Die Frage von Recht und Gerechtigkeit
Im weiteren Verlauf des Films von Fatih Akin findet der Gerichtsprozess statt, der die Schuld der Angeklagten Rechtsextremen offenbart und trotzdem wegen nicht hinreichender Beweislage mit einem Freispruch endet. Durch diese offensichtliche Ungerechtigkeit wird die Frage der Differenz von Recht und Gerechtigkeit umgangen. Zudem entfernt sich der Film von der Geschichte der „NSU“-Prozesse – jahrelange, erfolglose Ermittlungsarbeit in die Richtung der Betroffenen statt der rechtsextremen Täter*innen wird ausgeblendet. Stattdessen wird die Frustration der Angehörigen im Schnelldurchlauf erreicht und die politische Dimension der Tat gerät in den Hintergrund.
Die Frustration und die Ausweglosigkeit aus den Auswirkungen des Nazi-Terrors auf ihr Leben kulminieren im Schlussteil in einem Selbstmordanschlag der Protagonistin auf die Mörder*innen ihrer Familie. Sie findet sie im Umfeld der rechtsextremen Partei „goldene Morgenröte“ in Griechenland. Während die internationale Vernetzung des rechtsextremen Spektrums eine große reale Gefahr darstellt, wird die reale Unterstützer*innenszene des rechtsextremen Terrors in Deutschland durch ihre Nicht-Darstellung verharmlost. Allerdings hat der Film nicht den Anspruch, reale Umstände des Rechtsextremismus in Deutschland abzubilden. Es geht vielmehr um die Identifikation mit Betroffenen rechten Terrors im Angesicht von rassistischer Diskriminierung durch Ermittlungs- und Justizbehörden, durch die eigene Familie und die Presse. Es geht um Schmerz, Zorn und Ausweglosigkeit. Dass hierbei die politischen Tatmotive und die Realität rechtsextremer Strukturen in Deutschland in den Hintergrund geraten, ist schade, aber vertretbar.

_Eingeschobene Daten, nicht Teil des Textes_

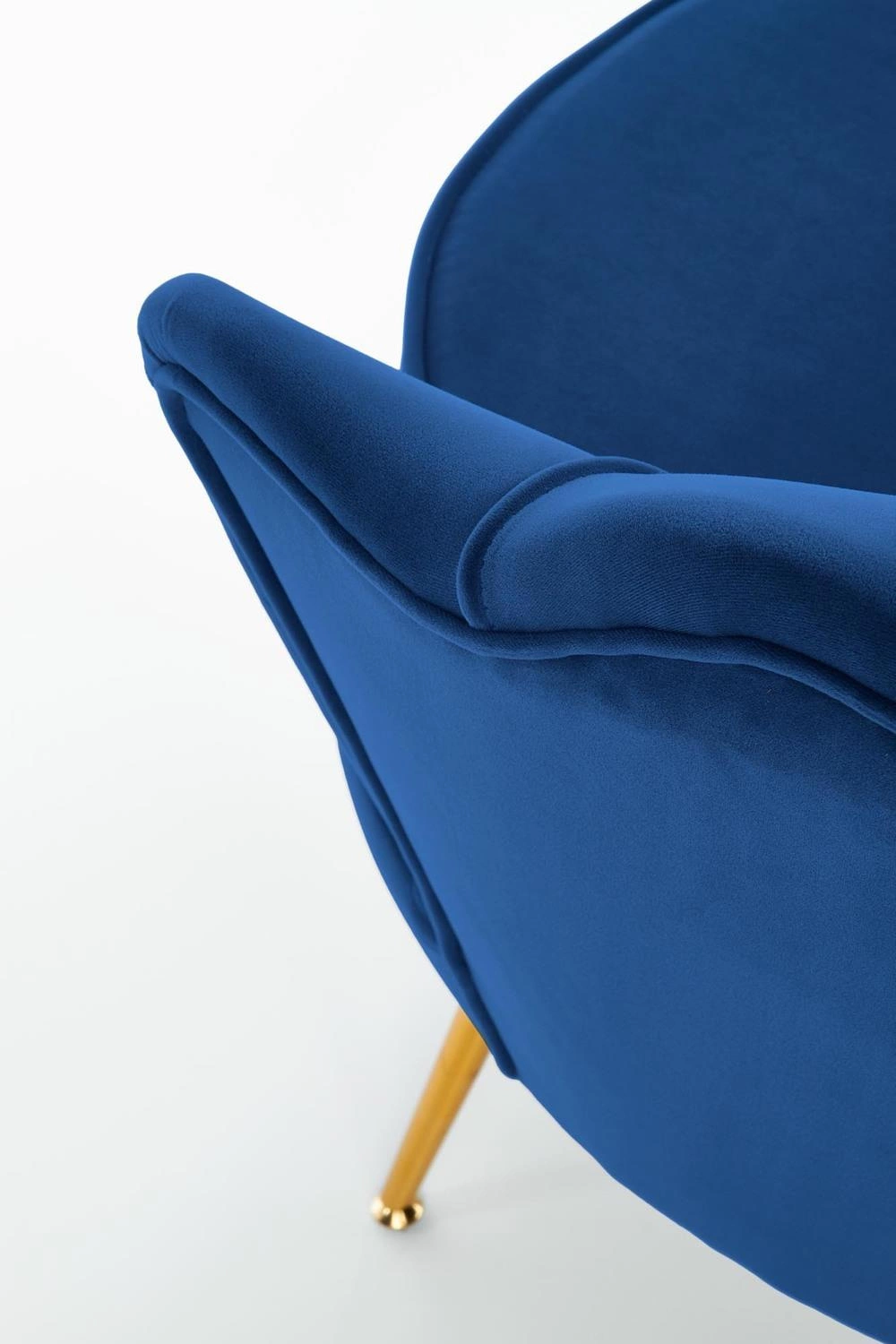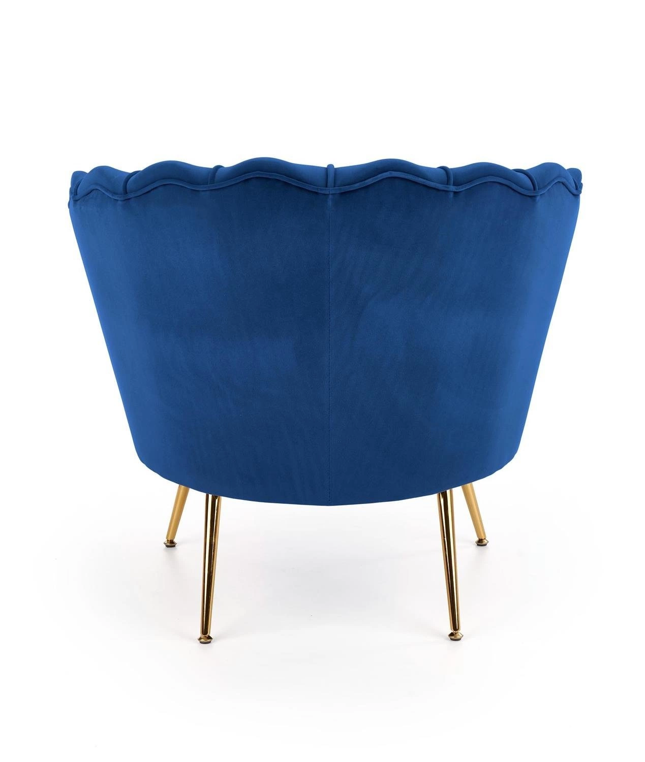Fotel muszelka Florencja marki Intesi to kwintesencja stylu glamour w nowoczesnym wydaniu. Ozdobna, welurowa tapicerka w głębokim odcieniu granatu oraz lśniąca, złota podstawa nadają mu wyjątkowego charakteru. Szerokie siedzisko (81 cm) i komfortowa wysokość (45 cm) sprawiają, że jest to doskonały fotel do salonu, sypialni lub eleganckiego kącika do czytania.

Denn was der Film auch an seinem Ende leistet, ist eine eindrucksvolle Darstellung der zahlreichen Steine, die Betroffenen von rechtsextremer Gewalt von verschiedenen Akteur*innen in den Weg gelegt werden und welcher Schmerz durch rechtsextremen Terror und den unsensiblen Umgang damit entsteht. Wie viel mehr und größere Steine eine Protagonistin mit Migrationshintergrund hätte überwinden müssen, bleibt offen. Auch die Frage nach wirksamen Strategien gegen Rechtsextremismus wird nicht beantwortet – über acht Jahre nach der Enttarnung des „NSU“ hat weder die Gesellschaft noch die Politik eine geeignete Antwort darauf gefunden. Diese Tatenlosigkeit klagt der Film aus betroffener Perspektive an und hat damit keinen Zipfel seiner Aktualität eingebüßt. Denn unterdessen illustrieren die weiteren rechtsextremen Anschläge in Halle, Hanau, Kassel und weiteren Orten und die aufgedeckten rechtsextremen Terrorgruppen die Dringlichkeit einer handfesten Strategie gegen Rechtsextremismus.